A fronte dei terribili reati ed omicidi a cui abbiamo assistito negli ultimi giorni – partendo da Paderno Dugnano, per arrivare fino all’omicidio Verzeni e da lì a scendere – la scrittrice e pedagogista Susanna Tamaro ha pubblicato un’interessante riflessione sulle pagine del Corriere che parte da una constatazione (forse ovvia, ma spesso dimenticata): a causa del boom della tecnologia la società è scivolata “verso una dimensione molto pericolosa nella quale la maggior parte delle persone non è più consapevole di se stessa e vaga in un confortevole nulla”, con il conseguente riaffioramento “della parte più primitiva (..) degli istinti che vanno immediatamente soddisfatti“.



“I tragici e immotivati omicidi degli ultimi giorni – spiega ed analizza Tamaro – non sono che la punta di un iceberg di un gravissimo malessere” che si manifesta anche con un aumento di “passività, autolesionismo, alcolismo, uso degli stupefacenti, forza del branco come identità individuale” prendendo il posto di quella società magnifica e progressiva che si immaginava pochi decenni fa grazie alla già citata tecnologia.



Questa deriva secondo Tamaro è legata al fatto che se fin dalla più giovane età “un bambino non ha avuto altro nutrimento che la rete e (..) ha già assistito a un numero incredibile di omicidi, sparatorie e atti efferati” quasi inevitabilmente il suo cervello ha assorbito questa come realtà predominante e “se non è stata fatta un’opera di contenimento” da parte dei genitori, ma anche degli educatori e della società intera (..) quando si spreme [il cervello] esce ciò che ha assorbito“.

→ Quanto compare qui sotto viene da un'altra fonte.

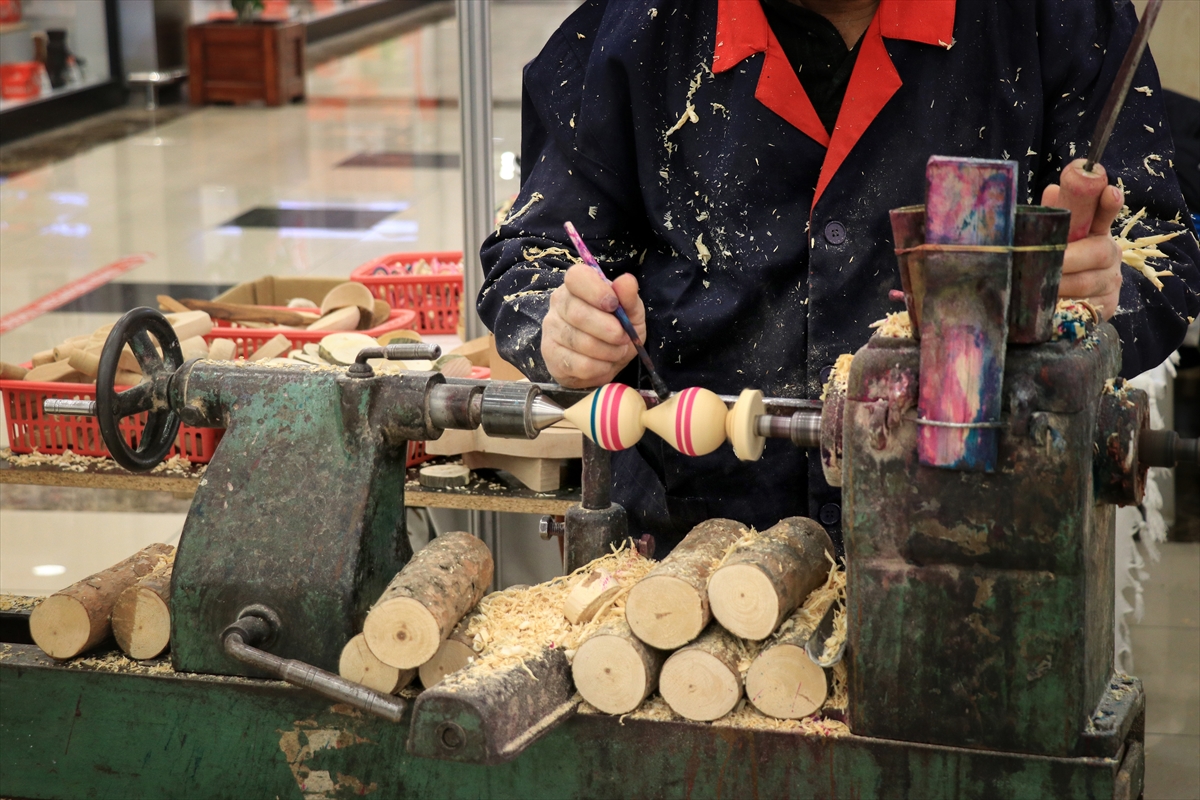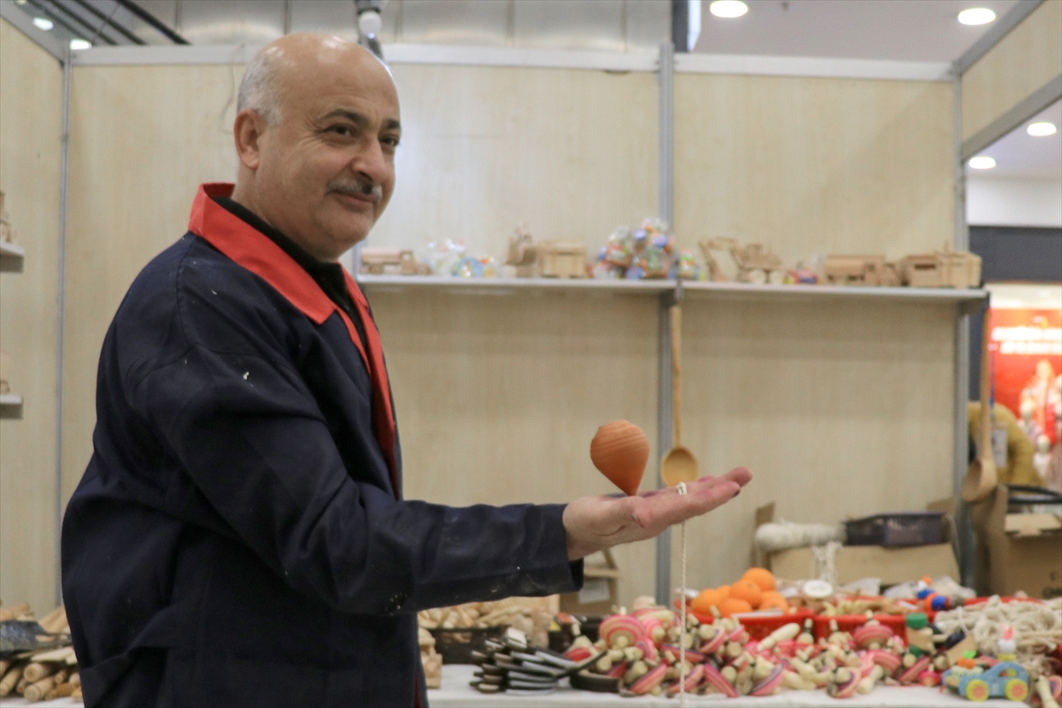 Ekrem usta, oyuncağı unutturmamak için Türkiye genelinde geleneksel el sanatlarının sergilendiği etkinliklere katılarak torna tezgahında topaç yapıyor.

Susanna Tamaro: “Basta con l’idea che i bambini sono perfetti e non vanno educati”

Insomma – per metterla sotto altri termini -, secondo Tamaro il problema è quel “culto del bambino perfetto” che ha creato una società di “devoti” che credono di “non dover fare nessuno sforzo per contrastare queste oscure e ataviche pulsioni”; mentre in passato “la società, la scuola, la famiglia erano consapevoli che i difetti (..) andavano corretti” per far prevalere “le virtù davanti all’insolenza dei vizi” e davanti all’attuale baratro in cui ci troviamo e al boom di atti violenti compiuti anche da ragazzi poco più che bambini “non ci si può che avvolgere nel manto del moralismo, della (..) ricerca di una ragione psichiatricamente comprensibile e tranquillizzante“.

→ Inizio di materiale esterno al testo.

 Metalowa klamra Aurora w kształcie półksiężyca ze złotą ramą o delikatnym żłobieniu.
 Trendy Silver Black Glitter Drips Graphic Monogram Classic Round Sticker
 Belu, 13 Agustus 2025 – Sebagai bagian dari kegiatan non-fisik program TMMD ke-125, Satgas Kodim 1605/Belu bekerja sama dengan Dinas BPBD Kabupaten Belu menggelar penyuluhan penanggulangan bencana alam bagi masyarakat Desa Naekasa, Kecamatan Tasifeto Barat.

“L’educazione – continua Tamaro – è un cammino che dovrebbe proseguire tutta la vita” con una ferma (fermissima) forza di volontà nel modificare i propri atteggiamenti, senza la quale non resta che il predominio della “potenza” e del “desiderio [come] metro di ogni cosa” che ci spingono a pensare “che è lecito compiere ogni atto per realizzarlo”. L’unica soluzione secondo Tamaro è dire un netto “adesso basta” a comportamenti e consuetudini distruttive, a partire – sottolinea – “dall’uso ricreativo delle droghe“.

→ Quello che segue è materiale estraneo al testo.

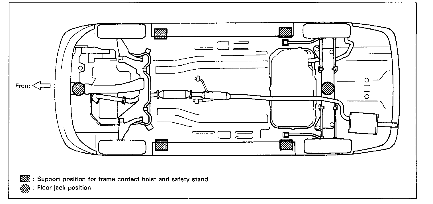 To perform service with either front or rear vehicle end jacked up, be sure to place safety stands under body so that body is securely supported. And then check to ensure that body does not slide on safety stands and the vehicle is held stable for safety's sake.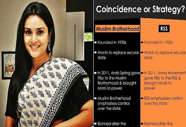 ரம்யா வெளியிட்டுள்ள புகைப்படத்தில் இரு இயக்கங்கள் இடையிலான ஒற்றுமையை பட்டியலிட்டுள்ளார். இரு இயக்கங்களும் தொடங்கப்பட்ட ஆண்டு, அவர்களுடைய நோக்கம், பிராந்தியத்தில் அவர்களுடைய செயல்பாடு ஆகியவற்றில் இருக்கும் ஒற்றுமை என பட்டியலிட்டுள்ளார். தேசியத் தலைவர்களின் படுகொலைகளில் தொடர்பு காரணமாக இரு அமைப்புகளும் சட்ட விரோதமாக செயல்பட்டதாக தடை செய்யப்பட்டது எனவும் கிராஃபிக் கூறுகிறது. அரபு எழுச்சியின் காரணமாகதான் 2011-ல் முன்னாள் அதிபர் முகமது முசோரி ஆட்சிக்கு வந்தார். ஊழலுக்கு எதிராக அன்னா ஹசாரே போராட்டம் நடத்தியதால்தான் மோடியும் பிரதமர் ஆக முடிந்தது எனவும் குறிப்பிட்டுள்ளார்.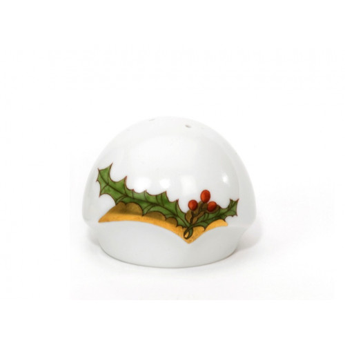 Pfefferstreuer, Form "Wellenspiel Pur", Stechpalme, bunt und gold, Goldrand (Relief auf Untertasse vergoldet), H 4 cm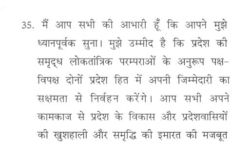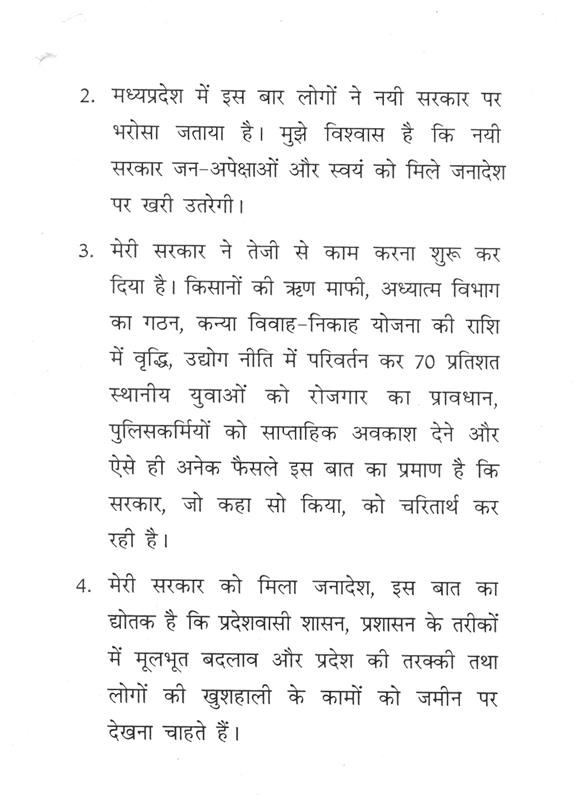 "राज्यपाल ने जो अभिभाषण दिया, उसके लिए मध्यप्रदेश की विधान सभा के इस सत्र के समवेत सदस्यगण अत्यंत कृतज्ञ हैं."

Su queste ultime – conclude – andrebbe abolita “la retorica dell’innocuità” perché anche se “leggere” sempre droghe rimangono e (similmente a tutte le altre, definite ‘pesanti’) “annullano la volontà e se, mescolate tra di loro con psicofarmaci e alcol, o se prese da persone con preesistenti problemi psichiatrici, possono avere un effetto devastante” che mostra la sua potenza nei tristissimi eventi di cronaca di cui ogni giorno leggiamo su giornali e notiziari.